A critical review of putative nonmarine mass extinctions associated with the so-called “Big 5 mass extinctions” of marine invertebrates (Late Ordovician, Late Devonian, end Permian, end Triassic and end Cretaceous) as well as a likely sixth mass extinction in the marine realm, the end-Guadalupian extinction, reveals little evidence of coeval marine and nonmarine mass extinctions. Little lived on land during the Ordovician other than a bryophyte-like flora that appears to have been diversifying, not going extinct, during the Late Ordovician. No case can be made for mass extinctions on land coeval with the marine extinctions of the Late Devonian-land plant diversity increased into the Carboniferous, and the tetrapod fossil record is inadequate to identify any mass extinctions. A case can be made for coeval plant/tetrapod extinctions and the end-Guadalupian marine extinctions, so this may be the first coeval marine-nonmarine mass extinction. However, problems of timing and questions about the extent of the nonmarine late/end-Guadalupian extinctions indicate that further research is needed. There were no mass extinctions of land plants, insects or tetrapods across the Permo–Triassic boundary.
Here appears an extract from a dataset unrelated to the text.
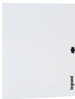
3 372 54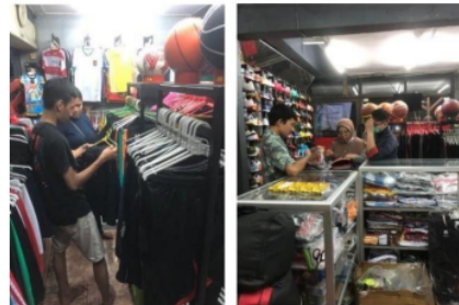
Gambar 3. Kegiatan Pendampingan Pemenuhan Informasi Produk

Kegiatan ini dapat dikategorikan berjalan lancar dengan dukungan pemilik usaha dalam mengadakan media elektronik yang mumpuni untuk dijadikan media pemasaran online, serta dibukanya lowongan kerja di usaha tersebut untuk mendukung keterjamahnya kegiatan usaha yang memerlukan tambahan sumber daya manusia. Pada sesi praktek memaksimalan pelayanan media sosial dan aplikasi e-commers dengan pendampingan secara langsung untuk membantu kinerja dan hasil kinerja usaha memiliki hasil ketercapaian minat beli ulang yang hasilnya digolongkan sangat baik. Evaluasi dalam kegiatan ini yang diketahui melalui metode wawancara dan pengisian survei kuisioner dimana responden merupakan konsumen dengan beberapa poin kategoridimana salah satu diantaranya adalah berdasarkan pembelian ulang. (Arasy, 2015)

The Late Triassic was a time of low origination and high extinction rates on land and in the seas; there was no single end-Triassic mass extinction in either realm. The end-Cretaceous provides the strongest case for coeval
land–sea mass extinctions, but there is no mass extinction of land plants, evidence of insect extinction is based on assumption-laden analyses of proxies for insect diversity and the tetrapod extinction was very selective. So, whether the nonmarine extinction at the end of the Cretaceous was a mass extinction is worth questioning. Part of the inability to identify nonmarine mass extinctions stems from taphonomic megabiases due to the relatively
poor quality and uneven sampling of the nonmarine fossil record. Extinction resistance and resilience of terrestrial organisms is also a likely factor in the dearth of nonmarine mass extinctions, and this merits further investigation.